Rule-making power of board.—The State Board of Equalization is given power in the general enabling provision of Section 24.25 of the Alcoholic Beverage Control Act (predecessor to Section 32212 of this code) to prescribe the manner in which the taxpayer must furnish proof in rebuttal of the presumption provided in Section 24.2 of the act (predecessor to this section) and this power is not limited by Section 24.2, but is in addition to it. As part of such manner of proof the board can prescribe the time at which data on which the taxpayer relies must be furnished to it. American Distilling Co. v. Johnson, (1955) 132 Cal.App.2d 73.

32212. Exemptions; brandy. The tax is not imposed upon any distilled spirits specifically mentioned in subdivisions (a) to (f), inclusive, of Section 32211.

The tax is not imposed upon the sale of brandy to a licensee of another state pursuant to the provisions of Section 23108 of the Business and Professions Code.

Any claim for exemption from taxes under Section 32211 shall be made to the board in such manner as the board shall prescribe.

Forfeiture of exemption.—The authority given the State Board of Equalization in Section 24.25 of the Alcoholic Beverage Control Act (predecessor of this section) to make binding rules as to the manner of claiming an excise tax exemption extends to the whole procedure applicable to the claiming of such exemption, and by failing to comply with the provision of rule 54a (now rule 2563) of the board, requiring the filing of SBE Form 260 at the time of sale for proof of sales exported in vehicles owned by the purchaser, the taxpayer forfeited its claim of exemption, notwithstanding the fact that it furnished to the board proof of exportation upon said form prior to the hearing on the petition for redetermination of the additional tax. American Distilling Co. v. Johnson, (1955) 132 Cal.App.2d 73.

32213. Sales to passenger common carriers exempt. Whenever distilled spirits are sold by manufacturers, rectifiers, importers, or wholesalers to common carriers engaged in interstate or foreign passenger service for use or sale by the carriers partly within the State and partly without the State on board boats, trains, or airplanes, or to persons licensed to sell distilled spirits on board such boats, trains, or airplanes, the tax shall not be levied on the sales made by manufacturers, rectifiers, importers, or wholesalers.

Back to top


32214. Credit; use in food products.

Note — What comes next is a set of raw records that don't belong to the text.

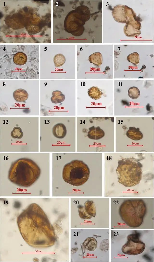 ↑ 从埋藏粪化石的地层中提取到的孢粉化石(图片来源:王建供图)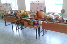 В школе сегодня прошла осенняя выставка. Учащиеся начальных классов организовали выставку своих поделок из овощей и фруктов. Молодцы!!!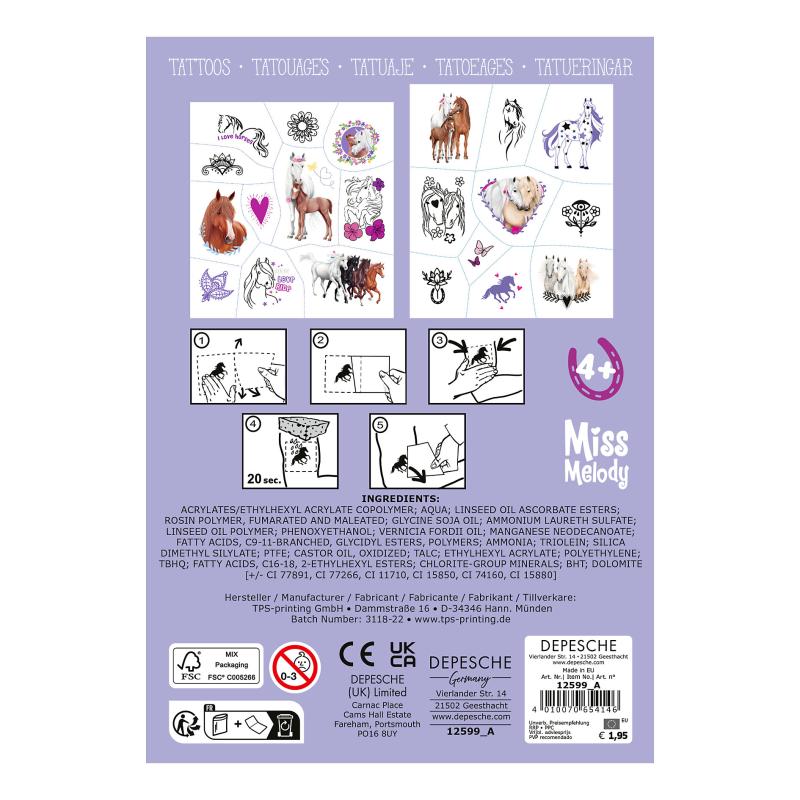 Entdecken Sie die faszinierende Welt von Miss Melody mit den exklusiven Miss Melody Tattoos! Diese zauberhaften Klebe-Tattoos sind ein absolutes Muss für alle Pferde-Freunde, die von der ponytastischen Welt von Miss Melody träumen. Mit zwei Tattoo-Bögen, gefüllt mit wunderschönen Motiven, bringen wir den Zauber dieser fabelhaften Welt direkt auf Ihre Haut.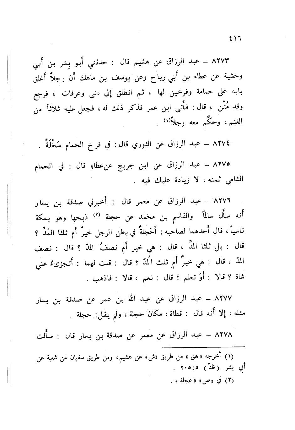 8276 - عَنْ مَعْمَرٍ قَالَ: أَخْبَرَنِي صَدَقَةُ بْنُ يَسَارٍ، أَنَّهُ سَأَلَ سَالِمًا، وَالْقَاسِمَ بْنَ مُحَمَّدٍ عَنْ حَجَلَةٍ ذَبَحَهَا وَهُوَ بِمَكَّةَ نَاسِيًا، قَالَ أَحَدُهُمَا لِصَاحِبِهِ: أَحَجَلَةٌ فِي بَطْنِ الرَّجُلِ خَيْرٌ أَمْ ثُلُثَا الْمُدِّ؟ قَالَ: «§بَلْ ثُلُثَا الْمُدِّ» قَالَ: هِيَ خَيْرٌ أَمْ نِصْفُ الْمُدِّ؟ قَالَ: «نِصْفُ الْمُدِّ» قَالَ: هِيَ خَيْرٌ أَمْ ثُلُثُ الْمُدِّ؟ قَالَ: قُلْتُ لَهُمَا: أَتُجْزِئُ عَنِّي شَاةٌ؟ قَالَا: «أَوَ تَعْلَمُ؟» قَالَ: نَعَمْ، قَالَا: «فَاذْهَبْ» عَبْدُ الرَّزَّاقِ،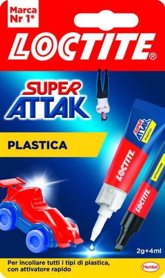 ADESIVO PER PLASTICA ATTAK PLASTIX ADESIVO ISTANTANEO PER PLASTICA CON INNOVATIVO SISTEMA DUO; BASTA STENDERE CON L' APPOSITO PENNELLINO L 'ATTIVATORE E SUBITO DOPO APPLICARE UNA GOCCIA DI ATTAK PLASTIX IN TUBETTO GARANTISCE IN POCHI SECONDI UN INCOLLAG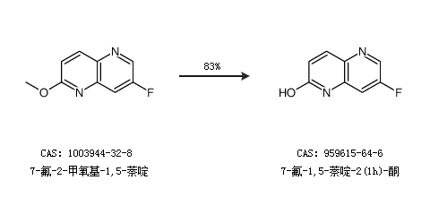 1.通过7-氟-2-甲氧基-1,5-萘啶合成7-氟-1,5-萘啶-2(1h)-酮,收率约83%;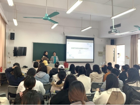 课程伊始,徐娟老师对在场同学进行了提问:“社会服务是做什么的?”同学们积极回应徐娟老师,大方分享了自己的想法和答案。徐娟老师详细地讲解了社会服务的概念,并且还向同学们拓展了宏观社会服务以及微观社会服务的含义和区别。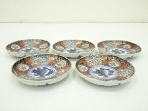 明治期 古伊万里 染錦青海波鳳凰文五寸皿5客
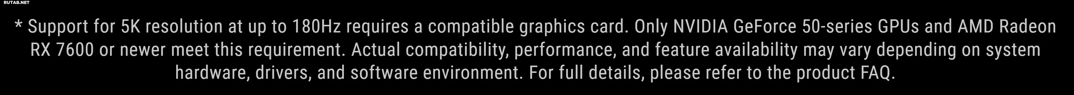 Самое интересное — в требованиях к видеокартам. Для работы в режиме 5K 180 Гц с HDR и без субдискретизации цветности Asus официально указывает поддержку только видеокарт NVIDIA серии RTX 50 и AMD RX 7600 или выше. Это связано с тем, что для такого режима требуется пропускная способность интерфейса DisplayPort 2.1, который отсутствует у видеокарт NVIDIA RTX 40-й серии. Карты AMD RX 7000 получили DP 2.1 ещё в прошлом поколении, поэтому совместимы.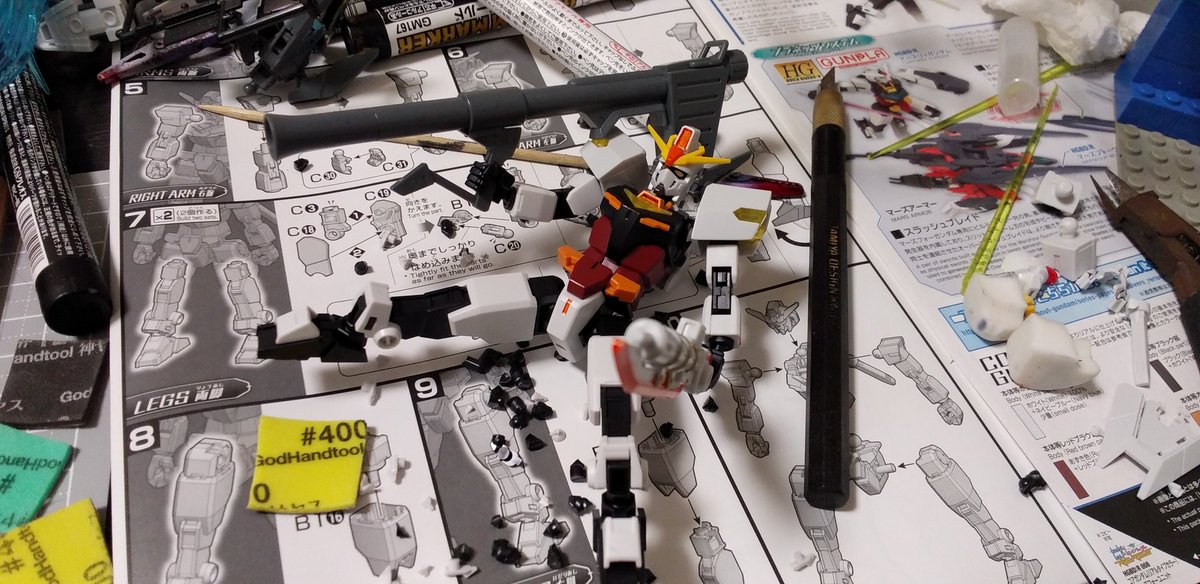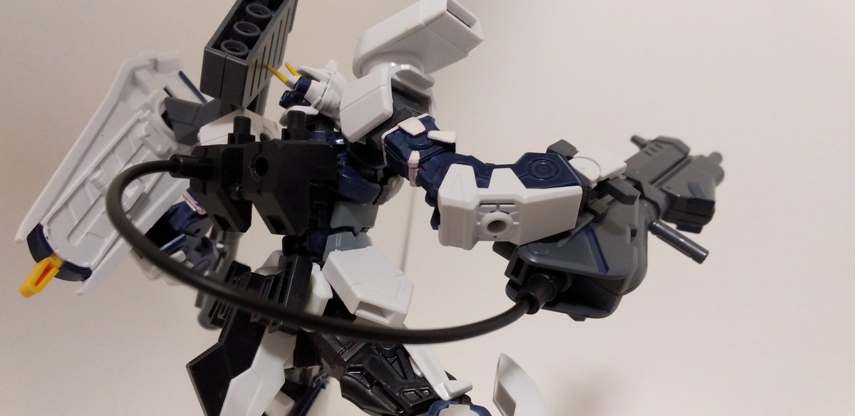 #ガンプラ好きと繋がりたい #ガンプラの画像を貼るとRTされると聞いて よく売れ残ってるチェンジリンクライフル 裏の3ミリ穴とリード線を使えばあら不思議。 かっちょいい武器に早変わりしたではありせんか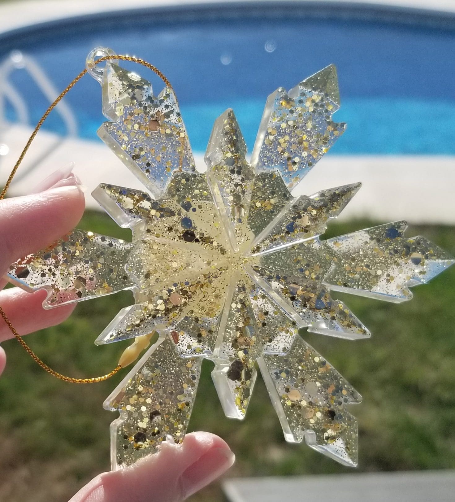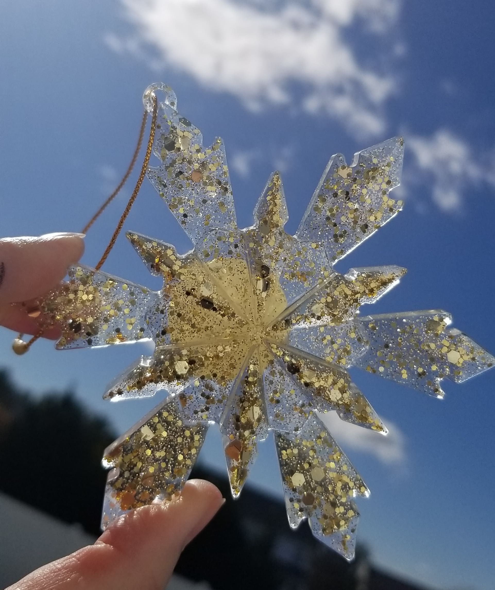 Perfect for both traditional and modern décor themes, this Gold Glitter Resin Snowflake Ornament is sure to become a cherished heirloom, bringing joy and sparkle to your holiday celebrations for years to come.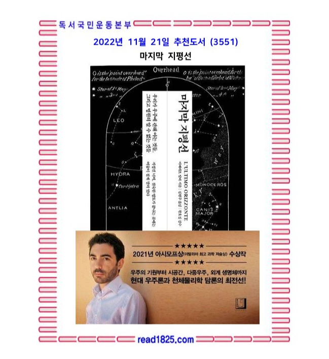 이 책은 과학 서적으로는 드물게 베스트셀러에 오르며 이탈리아 대중의 큰 사랑을 받은 저작물이다. 특별히, 이탈리아 정부가 주관한 2021년 아시모프상(Premio Asimov 2021) 수상작으로 선정되는 등 이탈리아 최고의 대중 과학 저작으로 평가받기도 했다. 아시모프상은 유명한 작가이자 과학자인 아이작 아시모프를 기려 만든 여러 상 중 하나로, 이탈리아어로 편집된 책 중에서 가장 우수한 대중 과학 저작물에 수여되는 이탈리아 과학계에서 가장 권위 있는 상이다. 이 상이 특별한 이유는 1만 명의 고등학생, 고등학교 선생님, 연구원, 대학원생, 교수, 기자 등 다양한 분야의 사람들이 참여해 읽고 검토하고 직접 투표해서 결정되는 만큼 많은 사람의 사랑을 받은 책이라는 점이다. 여러모로, 내용의 깊이 못지않게 읽는 재미가 아주 인상적인 책이다. 왜 많은 이탈리아 사람들이 이 책을 최고의 과학서로 선택했는지 궁금하다면, 찬찬히 아득하고 먼 우주를 함께 만끽하기를 바란다.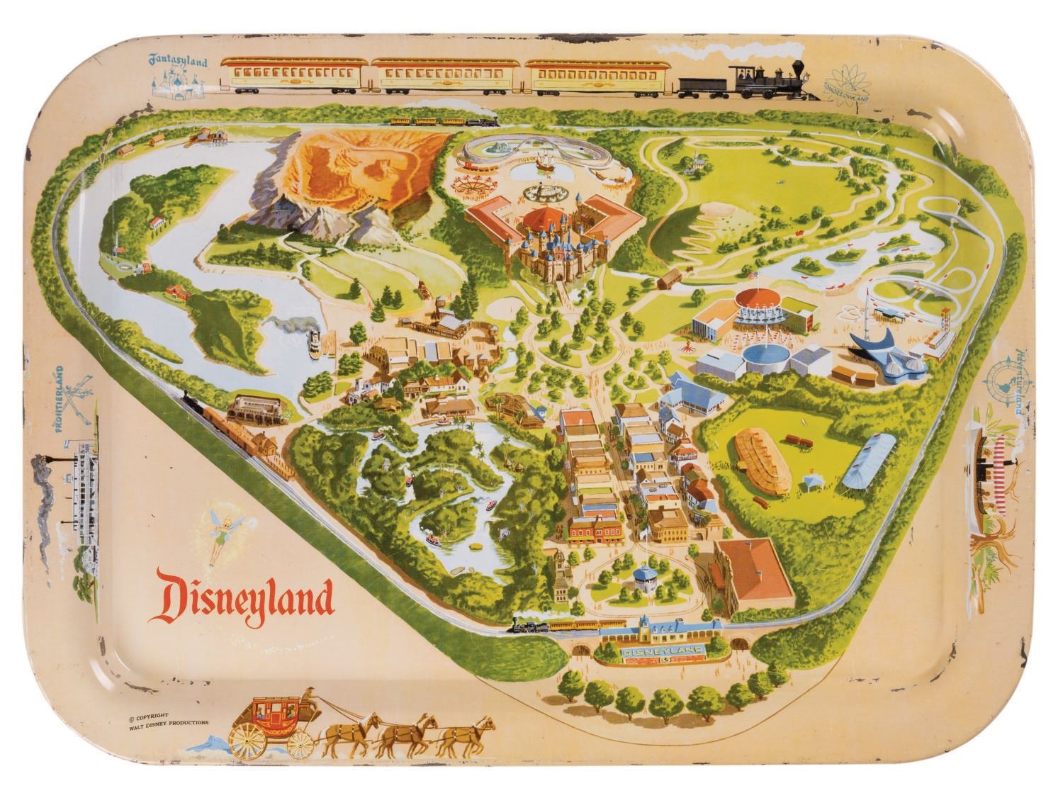 (Disneyland, 1955) A tin lithographic Disneyland television tray by California Metalware Corporation.  This television tray features a color aerial depiction of Walt Disney's Disneyland. The tray "serves" as an excellent example of some of the earliest licensed Disneyland merchandise, depicting Holiday Hill, International Street, and the Mickey Mouse Club Circus among the Park's five lands. Measuring 17.5"x12.5", it is in good condition with scratches, scuffs, and wear from use.

If taxes have been paid on distilled spirits sold to a person who holds a permit and identification number authorizing the filing of a claim for drawback of federal distilled spirits excise taxes under the Federal Non-Beverage Drawback Regulations and the distilled spirits have been used in the manufacture of food products, the taxpayer may claim and shall be allowed credit with respect to the taxes in any report or return made under this part.

History.—Added by Stats. 1963, p. 2295, in effect September 20, 1963.